Why Data Governance Is More About Enabling Good Than Stopping Bad
It seems like every day businesses are bombarded with reminders of the value of data. Data, we are told, leads us to make smarter decisions that deliver better outcomes.
It seems like every day businesses are bombarded with reminders of the value of data. Data, we are told, leads us to make smarter decisions that deliver better outcomes. No arguments there.
But we are constantly reminded of the dangers of data too; of the consequences of losing it, accidentally or through malicious actors. Attacks on Stuxnet, Equifax and the NHS are just some of the cautionary tales we share around. The cost of each attack is an eye-watering $4.5m, estimates IBM in its Cost of Data Breaches Report 2022. Add in the fallout from reputational damage, and the level of cybersecurity investment needed to protect against increasingly sophisticated threats, and a cost-benefit analysis of using data may conclude that it’s just not worth it.
It is common practice for businesses to address this risk with a data governance framework. As such, data governance is often presented as preventive; the art of stopping bad things happening. That positioning continues to be its downfall. When a business frames data governance in terms of risk mitigation and regulatory obligations, it becomes an ancillary function. It can quickly be superseded by activities that have a more immediate impact on the bottom line, be it revenue generating or cost cutting measures. When trading conditions are tough, this inclination to deprioritise data governance in favour of perceived core business endeavours is even stronger.

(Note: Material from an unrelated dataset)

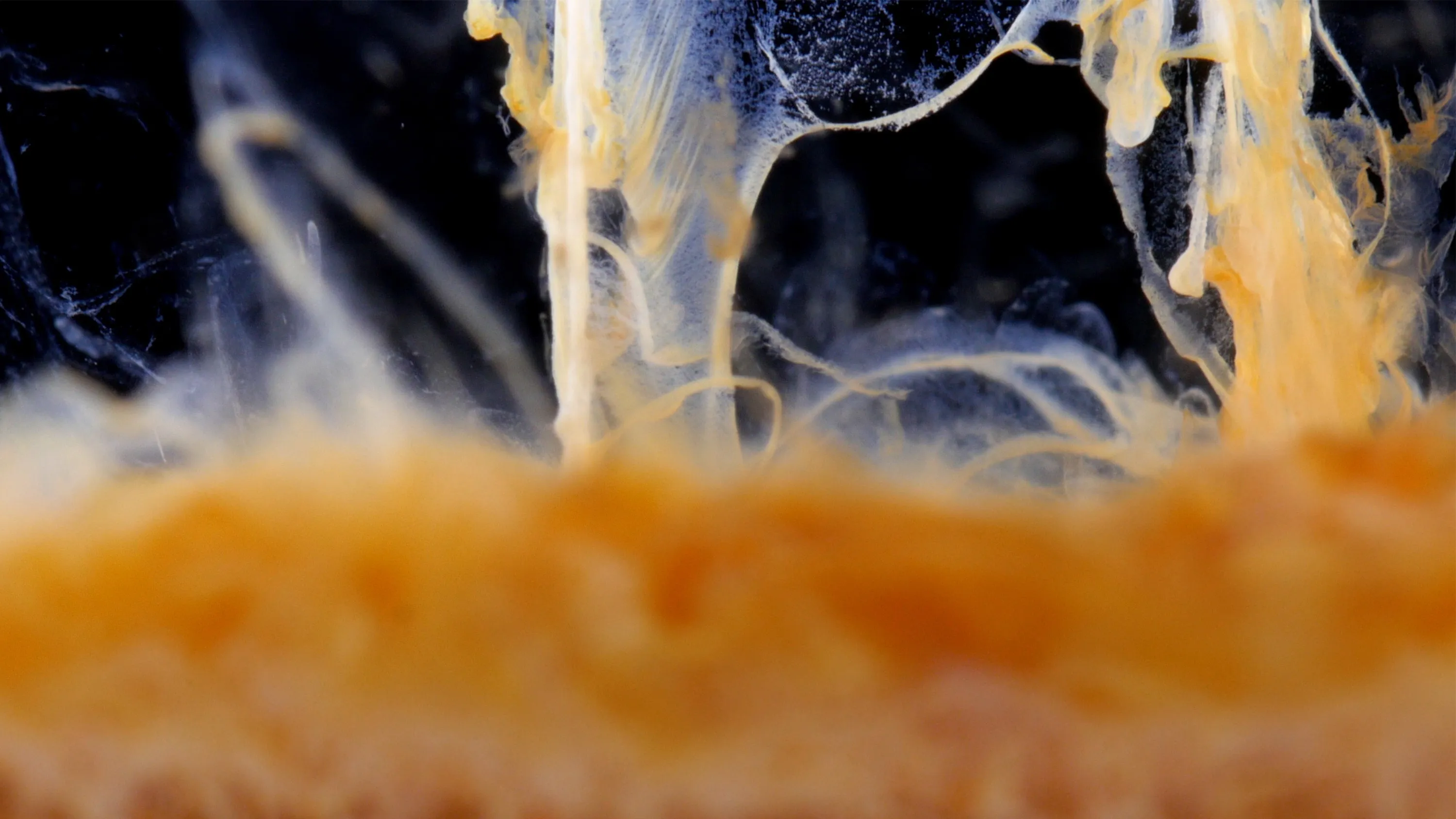 Silver thiosulfate precipitate (orange) formed after silver nitrate was added to a solution of sodium thiosulfate. (Photo by Yan Liang/Caters News)
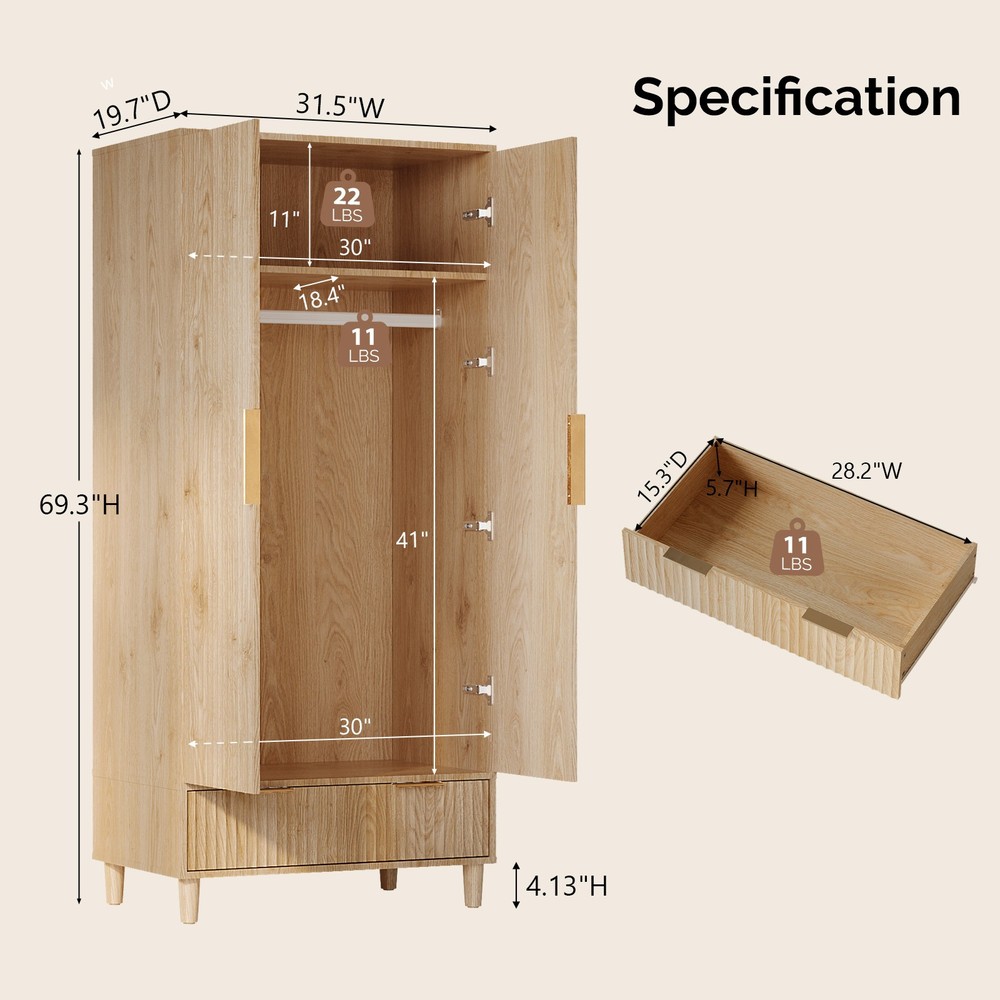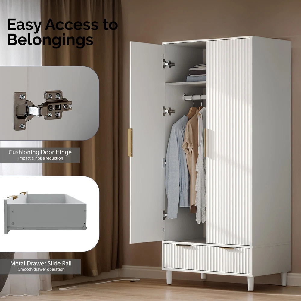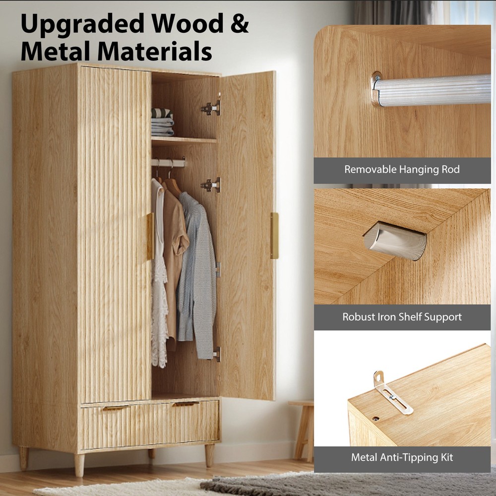 listing template VISIT OUR STORE SIGH UP FOR EMAIL Wooden Wardrobe for Hanging Clothes Closet Storage Cabinet with Hanging Rail Introductions Maximize your bedroom storage with our Farmhouse Armoire Wardrobe, a charming freestanding closet that combines rustic elegance with practical organization. Measuring 31.5"L x 19.7"W x 69.3"H, this spacious cabinet features two fluted doors, a hanging rod, shelves, and drawers to accommodate clothing, linens, and accessories. The natural wood and white two-tone finish adds farmhouse character to any space, while the compact footprint fits comfortably in bedrooms, guest rooms, or apartments. With its versatile storage options and timeless design, this armoire provides a perfect solution for homes lacking built-in closets. Features Farmhouse Charm - Fluted doors with natural/white two-tone finish Multi-Level Storage - Hanging rod + shelves + 2 drawers Space-Saving Design - Fits snugly in corners or small bedrooms Sturdy Construction - Solid wood frame with metal hinges Easy Assembly - All hardware and instructions included Freestanding Convenience - No installation required Specifications Material: Engineered wood with metal hardware Dimensions: 31.5"L x 19.7"W x 69.3"H Hanging Space: 28" rod length Drawer Dimensions: 14"W x 16"D x 6"H each Shelf Dimensions: Adjustable heights Color: Natural wood/White Package Includes 1 x Armoire with 2 Fluted doors You might like this more>> Portable Princess Castle Play House Blue Large Kids Play Tent $23.79 Double Shoe Rack Closet Shelf Storage Organizer $19.49 Oil Painting Easel Sketch Box Portable Folding $57.49 FCH L-Shaped Corner Computer Desk Home Office Desk $109.99 10 Tier Durable Storage Organizer 30 Pair Shoe Tower $18.99 24 Slots PU Leather Wrist Watch Box Display Case Organizer $16.99 Shipping Policy 1. Ship from New Jersey by Standard Int'l Shipping, and only to VERIFIED PAYPAL ADDRESS . 2.International Buyers – Please Note: a. Import duties, taxes and charges are not included in the item price or shipping charges. These charges are the buyer’s responsibility. b. Please check with your country’s customs office to determine what these additional costs will be prior to bidding/buying. 3. Please check your shipping address carefully before checkout, it can't be changed if order completed. 4. All items will be shipped to buyer's ebay address. Before you pay, please make sure your address in ebay match the address you would like us to ship to. 5. Ship within 1 business day once payment completed. We do not ship on weekends or public holidays. 6. Item normally will arrive in 10-15 business days but sometimes goes to 25-30 business days for remote area. That is depends on the freight in different countries. Return Policies 1. Refunds given only if item DOA and cannot be replaced via PAYPAL . If so, Please contact us with 5 days since you receive the item and and return to us within 30 days from the delivery date for exchange or refund. 2. If you need return, please contact our customer service representative, let us know the detailed problem and send us some pictures for confirmation. Payment Payment should be sent within 8(EIGHT) days of auction closing. Feedback If you are dissatisfied for any reason, please do not be quick to leave negative/neutral feedback. We work hard to make sure EVERY CUSTOMER 100% SATISFIED and resolve any problem for you. Work Time Work Time: Monday to Saturday About Us | Newsletter| Feedback| Contact Us Copyright © 2021 City-green. All rights reserved. 无标题文档 Wooden Wardrobe for Hanging Clothes Closet Storage Cabinet with Hanging Rail Introductions Maximize your bedroom storage with our Farmhouse Armoire Wardrobe, a charming freestanding closet that combines rustic elegance with practical organization. Measuring 31.5"L x 19.7"W x 69.3"H, this spacious cabinet features two fluted doors, a hanging rod, shelves, and drawers to accommodate clothing, linens, and accessories. The natural wood and white two-tone finish adds farmhouse character to any space, while the compact footprint fits comfortably in bedrooms, guest rooms, or apartments. With its versatile storage options and timeless design, this armoire provides a perfect solution for homes lacking built-in closets. Features Farmhouse Charm - Fluted doors with natural/white two-tone finish Multi-Level Storage - Hanging rod + shelves + 2 drawers Space-Saving Design - Fits snugly in corners or small bedrooms Sturdy Construction - Solid wood frame with metal hinges Easy Assembly - All hardware and instructions included Freestanding Convenience - No installation required Specifications Material: Engineered wood with metal hardware Dimensions: 31.5"L x 19.7"W x 69.3"H Hanging Space: 28" rod length Drawer Dimensions: 14"W x 16"D x 6"H each Shelf Dimensions: Adjustable heights Color: Natural wood/White Package Includes 1 x Armoire with 2 Fluted doors Shipping + 1. Ship worldwide from New Jersey by reliable shipping companies -- USPS, UPS, FEDEX, DHL, etc., and only to VERIFIED PAYPAL ADDRESS. Transport Delivery ETA. Package handling only takes 1 business day at our warehouse, so please make sure entering correct payment and shipping information before checking out. Once your payment is completed, we are not going to accept any more changes to your order. 2. International Buyers – Please Note: a. Import duties, taxes and charges are not included in the item price or shipping charges. These charges are the buyer's responsibility. b. Please check with your country's customs office to determine what these additional costs will be prior to bidding/buying. 3. Please check your shipping address carefully before checkout, it can't be changed if order completed. 4. Orders placed on weekend will be shipped within 2 days.Notification of shipment with tracking number will be sent to buyers. 5. Standard shipping: 2-7 business days Expedited Shipping: 2-3 business days One-day Shipping: 1 business day International shipping: Varies 6.

Instead, data governance should be seen as enabling good; that with the right controls and processes, you improve the quality of data you have; get it to the people who can gain most value from it; and so drive better outcomes with it.
This thesis supports the trend for self-service data discovery and BI. Businesses increasingly understand that data by itself is fairly useless. Data needs context, and so it becomes more powerful when in the hands of those making business decisions. This decentralised approach requires a level of organisation around who can access and share different data. That should be a fundamental aspect of a data governance framework—not because it’s important to stop data getting into the wrong hands, but to make sure the right hands get the data they need. Equally, a data catalogue and data management tools should be built with the end-user in mind, making it easy for them to find, understand and interrogate the data they need. In contrast, many businesses organise their data to demonstrate regulatory compliance.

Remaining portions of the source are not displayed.